◆ WORK INSTRUCTIONS
Only the lines running from the line with "本案的設計定位為法式中古風格" to the end of the listing below should be copied, exactly, without pictures.

◆ DATA EXCERPT

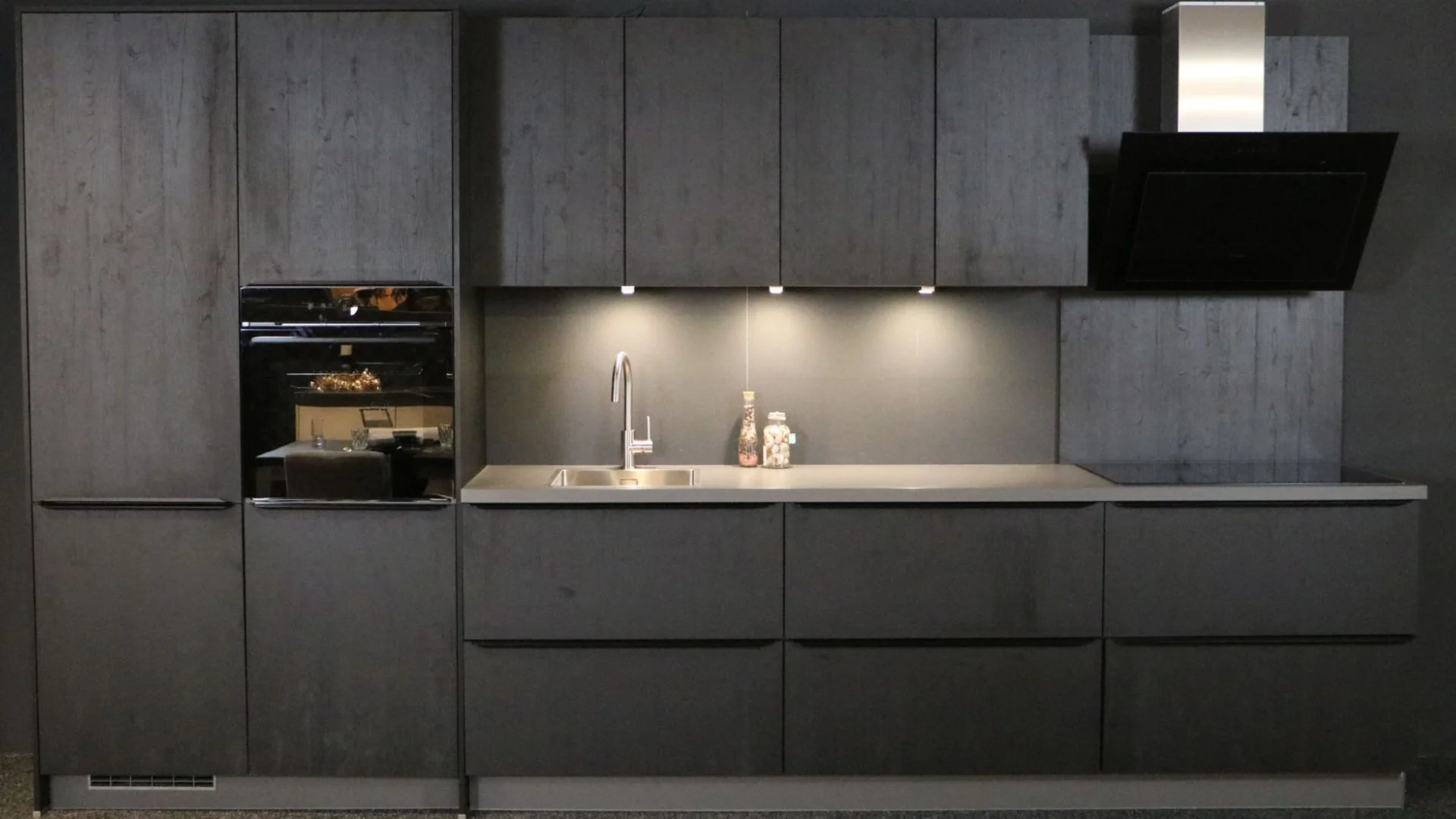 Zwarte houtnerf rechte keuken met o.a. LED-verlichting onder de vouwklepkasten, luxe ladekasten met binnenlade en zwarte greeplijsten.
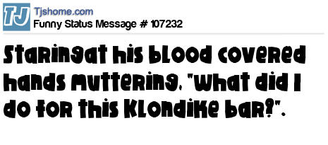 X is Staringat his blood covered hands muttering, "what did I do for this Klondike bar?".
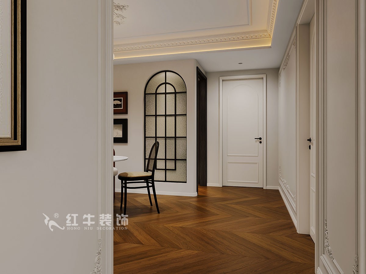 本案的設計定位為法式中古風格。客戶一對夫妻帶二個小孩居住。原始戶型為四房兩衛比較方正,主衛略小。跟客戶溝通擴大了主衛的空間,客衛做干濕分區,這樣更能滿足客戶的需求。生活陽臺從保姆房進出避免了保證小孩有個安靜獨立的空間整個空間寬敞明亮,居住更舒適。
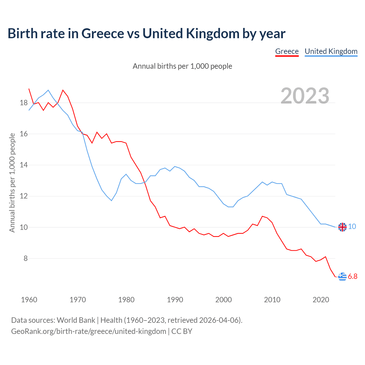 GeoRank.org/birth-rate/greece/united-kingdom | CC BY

◆ WORKED SOLUTION
 本案的設計定位為法式中古風格。客戶一對夫妻帶二個小孩居住。原始戶型為四房兩衛比較方正,主衛略小。跟客戶溝通擴大了主衛的空間,客衛做干濕分區,這樣更能滿足客戶的需求。生活陽臺從保姆房進出避免了保證小孩有個安靜獨立的空間整個空間寬敞明亮,居住更舒適。
 GeoRank.org/birth-rate/greece/united-kingdom | CC BY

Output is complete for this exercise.